# manual file sorting in Windows 7



## robnor1 (Oct 24, 2012)

Have a question I cant seem to find the answer too. Just purchased a new Windows 7 system. Need to be able to arrange my image files from two cameras in to one folder in the exact order I want them to be in. This was very simple in Windows XP but can not do it in Windows 7. You can not disable auto arrange in 7. When you rename a file in Win 7 it puts it in a location I dont want. Windows 7 is unusable for me.
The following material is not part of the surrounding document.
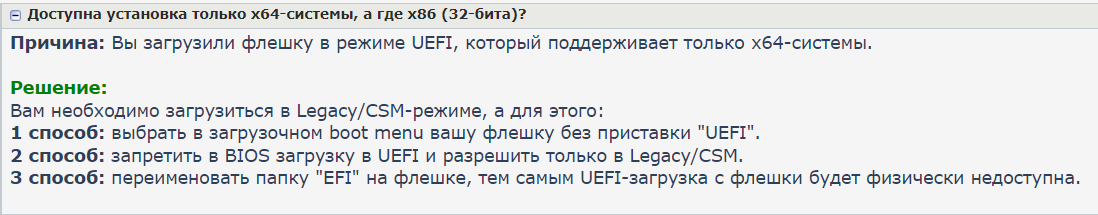 Решение: Вам необходимо загрузиться в Legacy/CSM-режиме, а для этого: 1 способ: выбрать в загрузочном boot menu вашу флешку без приставки "UEFI". 2 способ: запретить в BIOS загрузку в UEFI и разрешить только в Legacy/CSM. 3 способ: переименовать папку "EFI" на флешке, тем самым UEFI-загрузка с флешки будет физически недоступна.

Just wondering how other wedding photographers are sorting their files from multiple cameras?


----------



## 2WheelPhoto (Oct 24, 2012)

google 

Arrange, sort, or group your files


----------



## 480sparky (Oct 24, 2012)

How do you want them ordered?  By Time and Date?  Click on that header in File Manager.  Bingo.... they're sorted!


----------



## MLeeK (Oct 24, 2012)

Keywording and file management in Bridge or Lightroom


----------



## robnor1 (Nov 7, 2012)

480sparky said:


> How do you want them ordered? By Time and Date? Click on that header in File Manager. Bingo.... they're sorted!
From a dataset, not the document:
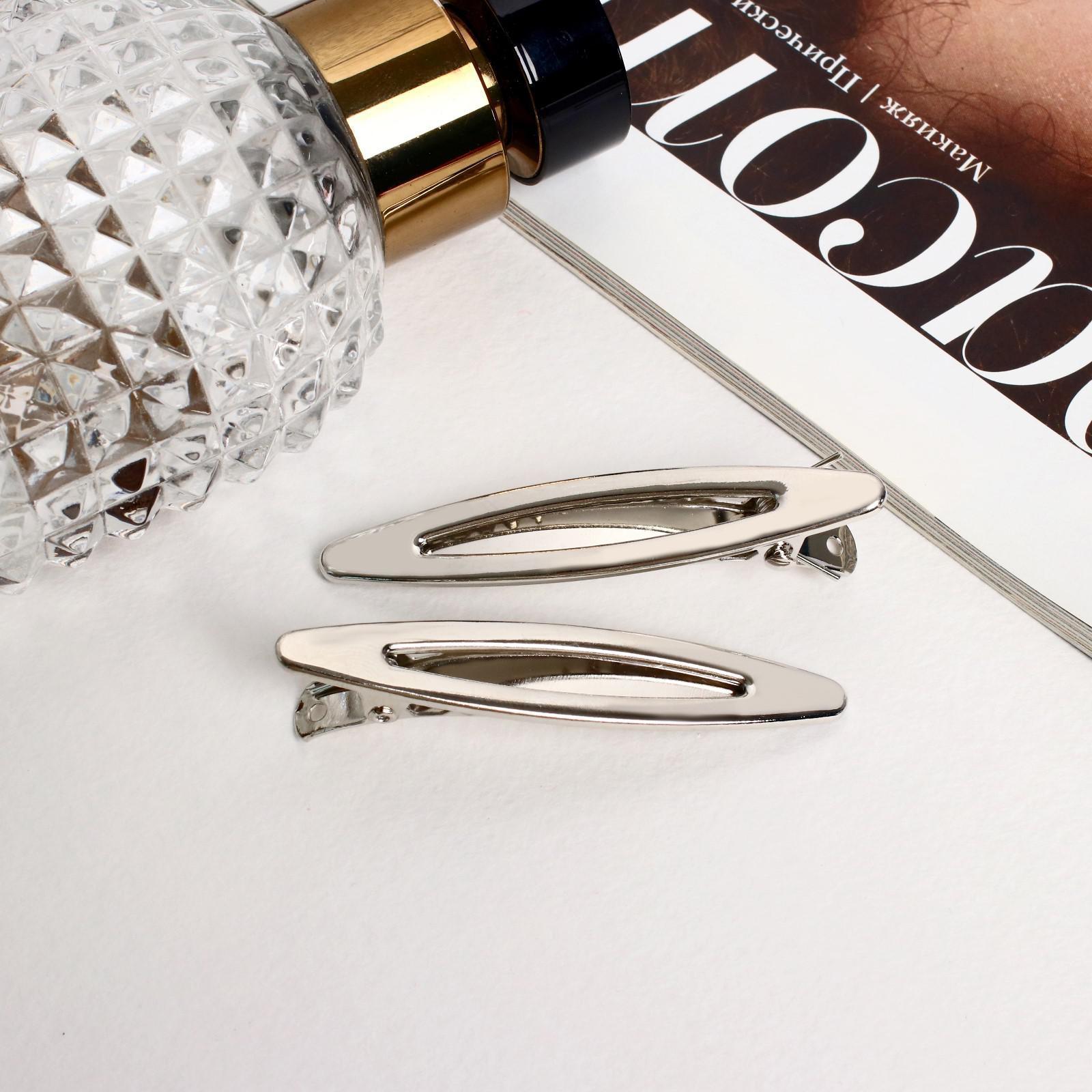 Зажим для волос "Кимберли" (набор 2 шт) 6 см, серебро

I want to put the images from my assistant's camera in to the folder with my images. I need to manually insert these images exactly where I want them in my folder. Example, I need to put image number 0045 from my assistant's folder right after image number 0095 in my folder and change its number to 0095a. In Windows 7, if you drag and drop it from assistants folder to my folder, it will auto arrange it to the 0045 position in my folder before I have a chance to renumber it. If you renumber it before you drag and drop it, it will auto arrange it in the original folder. There are all kinds of post about this in the Windows 7 forums. There is a download to disable auto arrange but it does not work in most cases for people who need to manually sort. I am just wondering how other wedding photographers are merging their images from two cameras and presenting them in the exact order they want?


----------



## table1349 (Nov 7, 2012)

In the exact order you want, you rename them all in the order you want.


----------



## KmH (Nov 7, 2012)

Using Windows 7 to manage your digital photographic assets, is like using trying to dig a big deep hole with a teaspoon.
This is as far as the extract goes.